What grabbed my attention is how their approaches complement each other perfectly. BNF's earlier work focused heavily on contrarian plays during the 2000-2003 bear market when everyone was panicking. While the global markets were bleeding and investors were getting crushed, he was systematically identifying severely undervalued stocks by looking at deviation rates from the 25-day moving average. The logic is simple but requires serious discipline: when a stock trades 20% below its 25-day line, that's a potential entry point for a rebound play. He'd accumulate positions during these dips, then pivot his entire strategy once the market turned bullish in 2003.
Now here's where the CIS trader philosophy becomes really relevant. CIS doesn't overthink things—his core principle is almost counterintuitive to most retail traders. He believes that stocks in strong uptrends tend to keep rising, and those in downtrends keep falling. Most people fight this reality, imagining the market as a 50-50 coin flip. They see a stock rallying hard and think 'this has to drop soon,' so they either wait for a pullback or short it. But that's fighting the market's actual momentum.
The CIS trader approach emphasizes accepting market continuity rather than fighting it. When a stock is strong, it attracts more capital, making it stronger. The weak get weaker. You're not trying to catch reversals; you're riding the wave. This is where it gets practical: a CIS trader would avoid the temptation to buy dips in a raging bull market. Yeah, it feels safer to wait for that pullback, but in a genuine uptrend, that pullback might never come, and you just missed the entire move.

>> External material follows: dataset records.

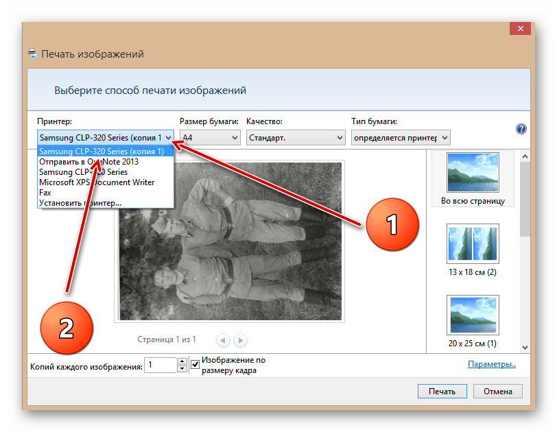 При первой печати на новом сетевом принтере не забудьте выбрать его из выпадающего списка в настройках.
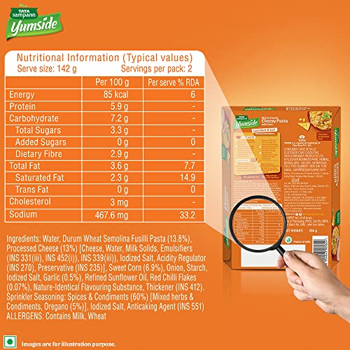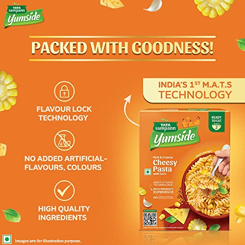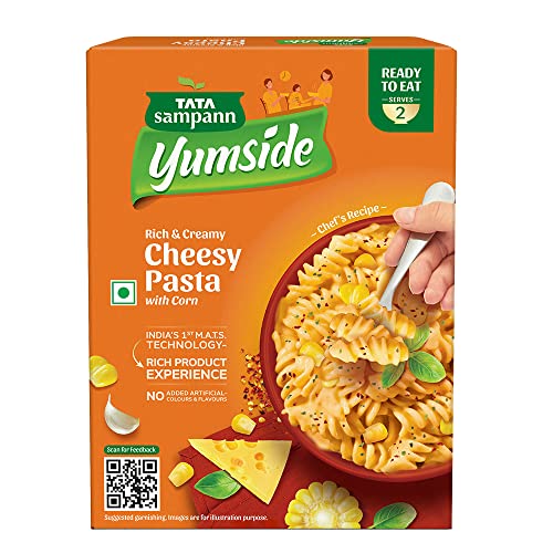 YUM MEAL WITH GOODNESS - An instant solution to your cravings! Looking for an instant and convenient way to kill those hunger pangs? Your search ends with Tata Sampann Yumside ready to eat meals which are made from high-quality ingredients and curated by professional chefs. Loaded with Corn and tossed in cheese sauce this rich and creamy instant pasta will satisfy your pasta cravings anytime! For times when you or your family crave something delicious for lazy days for treat days for days when youre running out of time for days when you just want to have more time for life! - This ready-to-eat meal comes to the rescue. All you have to do is heat the pack in the microwave for 60 seconds or immerse the tray in hot water for 3-5 mins and your instant meal is ready! Doesn't it sound great? Sprinkle the seasoning from the sachet mix well and enjoy! Enjoy a rich experience Tata Sampann Yumside ready-to-eat instant pasta is sealed with care using Indias first Microwave Assisted Thermal Sterilization (M.A.T.S) Technology to offer you a rich product experience. For a delicious twist sprinkle the mixed herb seasoning provided with the pack. Storage Instructions: Store in a cool and dry place. It does not require refrigeration. Consume immediately once the pack is opened. Do not consume if the inner pack is puffed bloated or leaked.
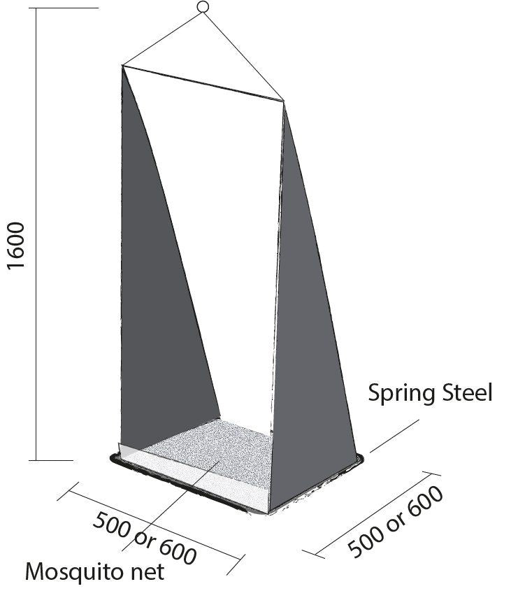 Eine flexible Latte hält den Windsack auch bei wenig Wind geöffnet, das integrierte Moskitonetz schützt vor Insekten.
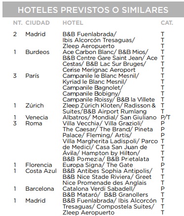 MADRID – BURDEOS – BLOIS – PARÍS – LUCERNA – ZÚRICH – VERONA – VENECIA – ROMA – FLORENCIA – PISA – COSTA AZUL – BARCELONA – ZARAGOZA – MADRID
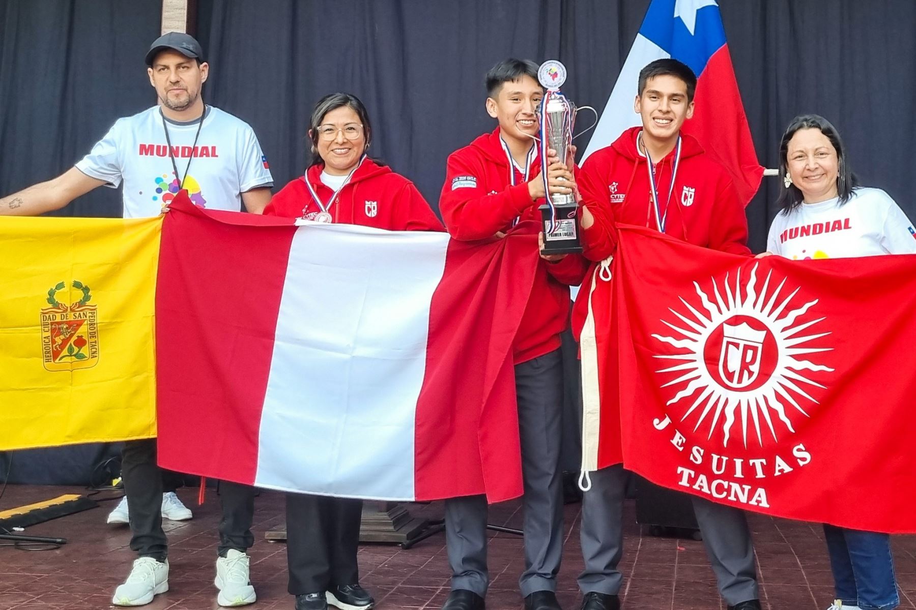 El primer lugar del Mundial Escolar de Ciencia y Tecnología 2025 se tiñó de rojo y blanco. Los estudiantes tacneños de la Institución Educativa Cristo Rey, Alejandro Aduvire Reyes y Tian Taya Joo, junto a su docente asesora Yolanda Apaza obtuvieron este importante logro en el evento internacional desarrollado en Valparaíso, Chile, entre el 13 y 19 de octubre.
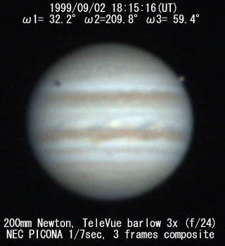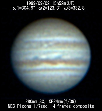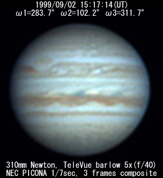 I=311.6 II=129.9 III=339.4 280mm Schmidt-Cassegrain, XP24mm(f/39) NEC Picona 1/7sec, 3 frames composite Seeing:5/10 Transp.:3/5
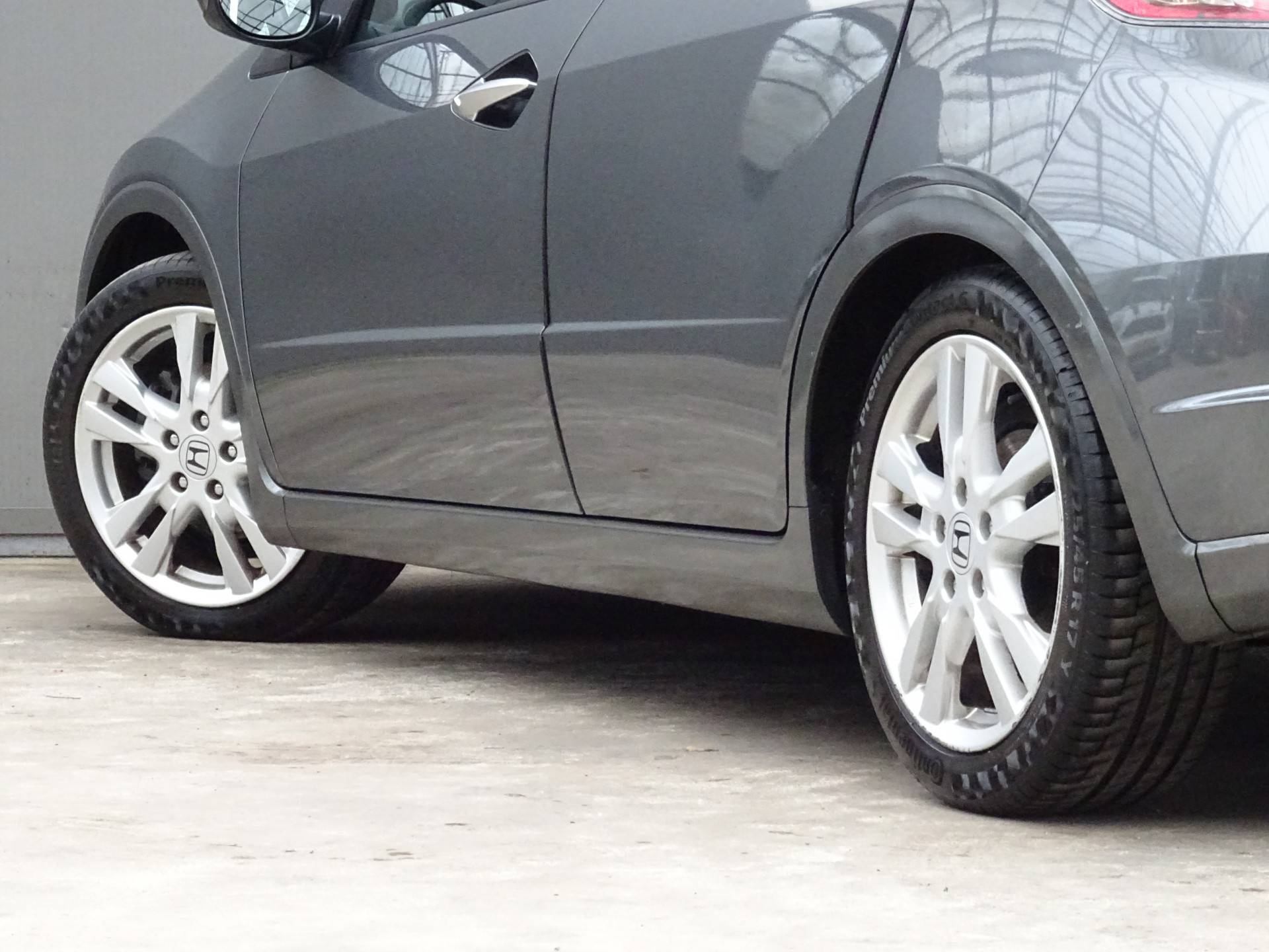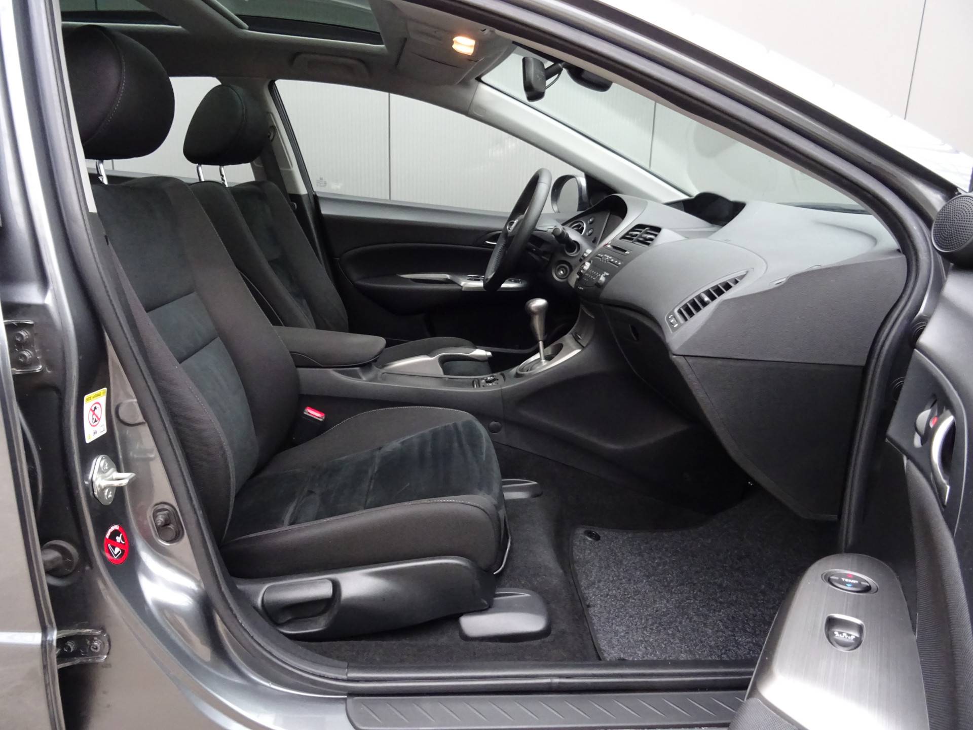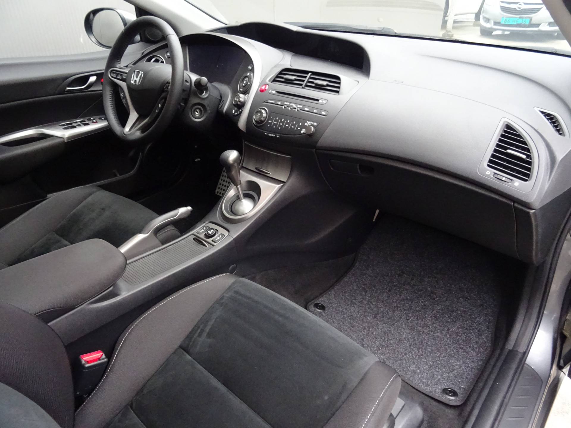 In deze Civic vindt u schakelaars op het stuur om het audiosysteem te bedienen. Of het buiten nu warm is of koud, dankzij automatische airconditioning is het binnen altijd behaaglijk. Parkeersensoren helpen u tijdens het in- en uitparkeren. De automatisch inschakelbare verlichting en regensensor zorgen dat onderweg automatisch de verlichting en de ruitenwissers worden ingeschakeld. Daarmee nemen ze u veel werk uit handen. De voordelen van de aanwezige cruise control hoeven we niet uit te leggen. Een mooie, constante snelheid - niet te snel, niet te langzaam. Precies goed. En dan is deze auto ook nog eens voorzien van automatisch dimmende binnenspiegel, lederen stuur, centrale deurvergrendeling met afstandsbediening en boordcomputer.

What separates these traders from the masses is their risk management discipline. Both understand that losses are inevitable—the game isn't about avoiding them, it's about minimizing them. A CIS trader cuts losses quickly rather than averaging down into failed positions. That's the opposite of what most people do, and it's exactly why most people blow up their accounts.
BNF adapted his strategy as market conditions changed, eventually scaling from 100 million yen to 8 billion. His day-trading approach involved holding 20-50 positions simultaneously, buying and selling within a day or overnight, then reassessing the next morning. This diversification across positions reduced single-stock risk while keeping him nimble enough to capitalize on inter-industry momentum shifts.
The broader lesson here is that truly elite traders emerge during crises and market dislocations. When panic is at its peak and volatility is extreme, that's when calm, decisive action creates outsized returns. The market is way too dynamic for rigid rules—what worked yesterday gets arbitraged away once it becomes common knowledge.
If you're trading anything—crypto, stocks, whatever—studying how a CIS trader thinks about momentum and how BNF adapted his playbook across market cycles is genuinely valuable. The principles transcend asset classes. Markets always reward those who can stay rational when everyone else is emotional.